Bana Seneca'nın Naturales Quaestiones'i üzerine çalışma fikrini, gerek filozofun kendisi gerekse söz konusu eseri üzerinde uzunca bir süre çalışmış olan sayın hocam Prof. Dr. Çiğdem Dürüşken (İstanbul Üniversitesi, Latin dili ve Edebiyatı) verdi. Nedeni de ilkin, evvelce geç dönem Latincesi kapsamında filozof Francis Bacon'la ve onun doğa anlayışı üzerinde durmuş; ikincisi ise yine Bacon'ın doğumundan yaklaşık 20 sene önce en büyük (tek) eserini yayınlayıp hayata gözlerini yuman gökbilimci Nicolaus Copernicus'un söz konusu eserinin Latinceden Türkçeye çevirisiyle uğraşmış olmamdı. Bu çalışmaların neticesinde, Klasik Filoloji koridorunda Yüksek Lisans tezi olarak seçeceğim konunun da yine bir doğa araştırması üzerine olması yerinde olacaktı.

Zira geç dönemde (15-16. yy.'lar) üzerinde durduğum Felsefe-Bilim adamlarının eserlerinde Antik dönemin yine bu sahalarda çalışmalar ortaya koymuş filozoflarının eserlerine ve görüşlerine bolca referans veriliyordu; kaba hesapla 2000-2500 yıla uzanan Felsefe-Bilim geleneğini bir bütün olarak düşünürsek, bu sürecin herhangi bir dönemindeki terminolojik dile aşina olunca, ilmî sahalardaki sürekliliğin doğasından ötürü, ister istemez önceki ve sonraki dönemleri de bilme arzusu körüklenmiş oluyor. Böylece philos-sophia'nın anlamca içerdiği "bilgiye candanlık" durumunun doğası gereği, herhangi bir parçaya aşinalık, bütünü kavramaya çalışmanın ilk adımını atmak için araştırmacıya, Aristotelesçe söylersek, bir primum mobile yani "ilk hareket" imkânını tanıyor. Benim için de bütünü kavrama telâşında ilk hareket gücü, Bacon ve Copernicus üzerine yaptığım çalışmalar kadar, İstanbul Üniversitesi, Latin Dili ve Edebiyatı bölümündeki Lisans dönemi dil çalışmalardan da beslendi. Lisans-üstü eğitimimi aynı bölümde sürdürdüğümden, teze yönelik çalışma kapsamını Antik döneme indirgemem gerekiyordu. Buna uygun olarak Felsefe-Bilim telâşının Roma yazınına izdüşümü olarak, hocamın da yönlendirmesiyle, Seneca'nın Doğa Soruşturmaları olarak Türkçeye çevirebileceğim Naturales Quaestiones'i üzerinde karar kıldım.

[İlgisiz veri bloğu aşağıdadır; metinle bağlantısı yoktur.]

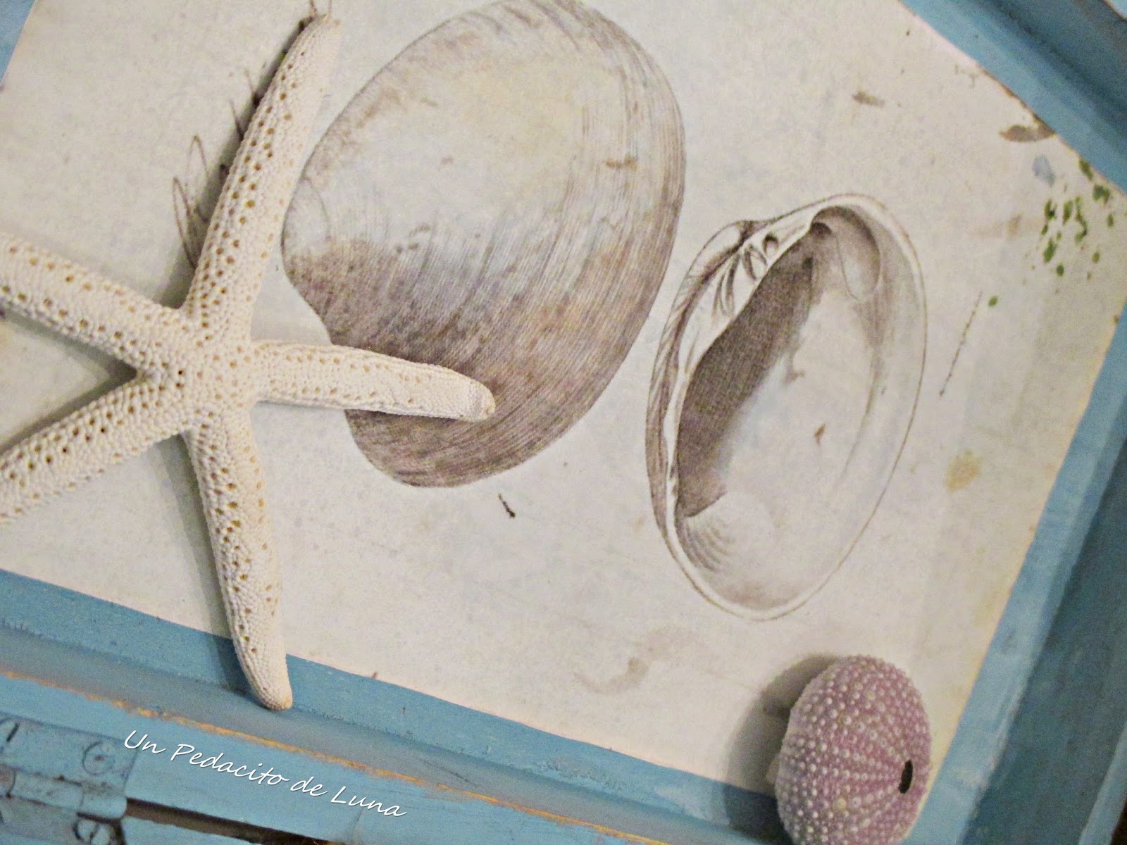 Para el interior escogí unas láminas de caracolas y cangrejos que le dieron sabor.Ni siquiera las transferí, son fotocopia tal cual, bien encoladas y protegidas con barniz.

Antik dönemde fizik yani doğa araştırması (physĭca), matematik, geometri, astronomi gibi bir dizi doğa ilimlerini bir bütün olarak kavrar. Farklı zaman dilimlerinde, kimi ekoller ve filozoflar arasında doğa araştırmasının amacına yönelik tartışmalar ve uzlaşmazlıklar görülmüştür; İçlerinde Socrates'in de olduğu bazı filozoflar doğa araştırmasını gereksiz görmüştür; "insan sorunları bitti de mi, doğa sorunlarıyla ilgilenelim" demişlerdir. Seneca'nın ve diğer Stoacıların da dahil olduğu bazı filozoflar da insanın salt bir "beden canlısı" olarak değerlendirilemeyeceğini düşündüğünden, onu kutsal değerlerle ve akılla özdeşleştirebilmek adına doğa araştırmasını gerekli görmüştür. İşte bu ikinci görüş, Naturales Quaestiones'in damarlarında gezinir. Felsefenin de alt kolları olarak kendini gösteren ilahiyat ve etik, bu ikinci görüşün de temelinde yer alır. Seneca'nın Naturales Quaestiones'inin biçimlendirmeye çalıştığı insan, doğa fenomenlerinin iç yüzünü bilecek; onun içindeki, özündeki tapınağa erişerek kutsal/evrensel aklın (mens universi) bir parçası olduğunun farkına varacaktır. Doğayı bilmek, kutsalı anlamakla eştir.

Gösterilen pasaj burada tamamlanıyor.